Wednesday, 26 September 2018

Inquest into fatal head-on collision

A FORMER Henley student was killed in a “high speed” head-on crash after she lost control

A FORMER Henley student was killed in a “high speed” head-on crash after she lost control of her car, an inquest has heard.

Emily Clements, 20, of Springhill Road in Goring, was driving along the A4074 towards Reading — known locally as the “13 bends of death” because of a high accident toll — when the accident occurred at about 8am on January 22.

After a right-hand bend a mile south of Cane End her blue Nissan Micra veered into a Land Rover Discovery in the opposite lane.

Discovery driver Annette Dart braked sharply and steered towards the verge on her side of the road but was unable to avoid a collision.

Both are estimated to have been travelling at between 45 and 50mph.

Miss Clements’s Micra spun sharply to the left just before the impact and her front driver’s side hit the front of the Land Rover.

She came to a stop in the middle of the carriageway while Mrs Dart, who was taking her son Charles to the Oratory School in Woodcote, stopped on the verge. Her son suffered minor injuries.

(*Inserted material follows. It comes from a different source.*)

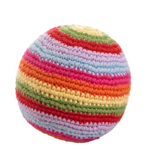 Pebble crochet rattle ball - multi coloured stripes
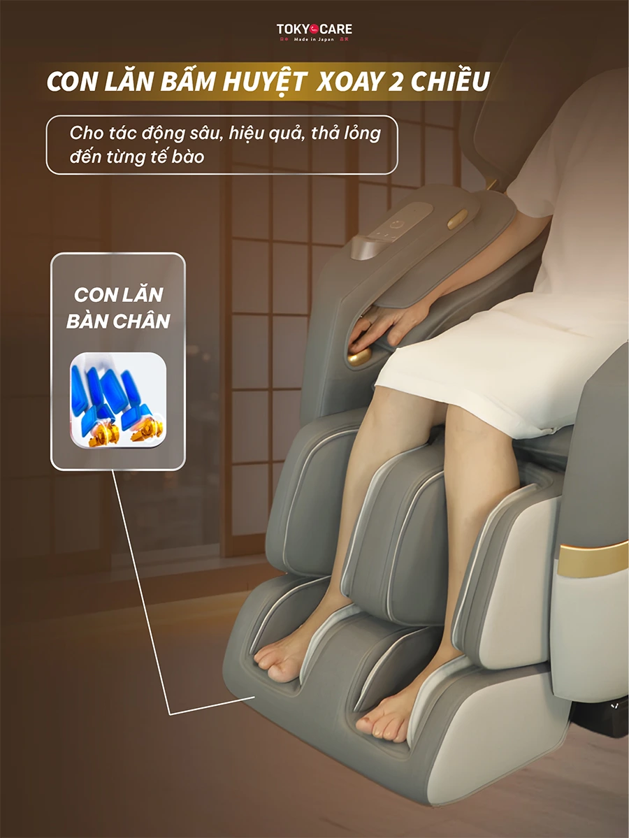 Con lăn bấm huyệt xoay 2 chiều của FC-555 tác động sâu vào các huyệt đạo ở lòng bàn chân-cảm nhận thư giãn đến từng tế bào, nơi tập trung nhiều mạch thần kinh và được mệnh danh là "trái tim thứ hai" của cơ thể. Bấm huyệt đúng cách tại lòng bàn chân không chỉ mang lại cảm giác thư giãn tức thì mà còn đem lại nhiều lợi ích sức khỏe. Với thiết kế cải tiến, FC-555 thấu hiểu và đáp ứng nhu cầu chăm sóc sức khỏe của khách hàng một cách tinh tế và hiệu quả.

The driver behind Mrs Dart stopped to call 999 and administer first aid, as did the occupants of a Thames Travel X40 bus behind Miss Clements. Paramedics were on the scene by 8.25am and an air ambulance flew her to the John Radcliffe Hospital in Oxford, where she died at 9.41am. The road was shut for several hours.

Six members of Miss Clements’s family, including father Brian and mother Joanne, attended the inquest at Oxfordshire Coroners’ Court last Thursday, occasionally putting an arm round each other’s shoulders.

Mrs Dart, of Twyford, told the court the impact happened “in a matter of a few seconds”.

She said: “The blue car caught my attention as it approached because its driver’s side wheels were quite far over the central white line.

“I kept my eyes fixed on the blue car and my hands on the steering wheel. It then swerved out into my path and directly towards us.

“It was sliding with its driver’s side towards me and I realised it was going to hit us so my immediate reaction was to turn to the left and hit the brakes really hard.

“I then felt a massive bang as though my car had exploded. Everything shattered — it was like being inside a bomb.”

As the Micra came into view, she said, Miss Clements appeared to be hunched forward and peering through the windscreen with her left arm stretched outwards.

The assistant coroner, Nicholas Graham, ruled the death was due to a road traffic accident but declined to speculate on its cause.

A post mortem revealed no trace of drugs or alcohol in Miss Clements’s system.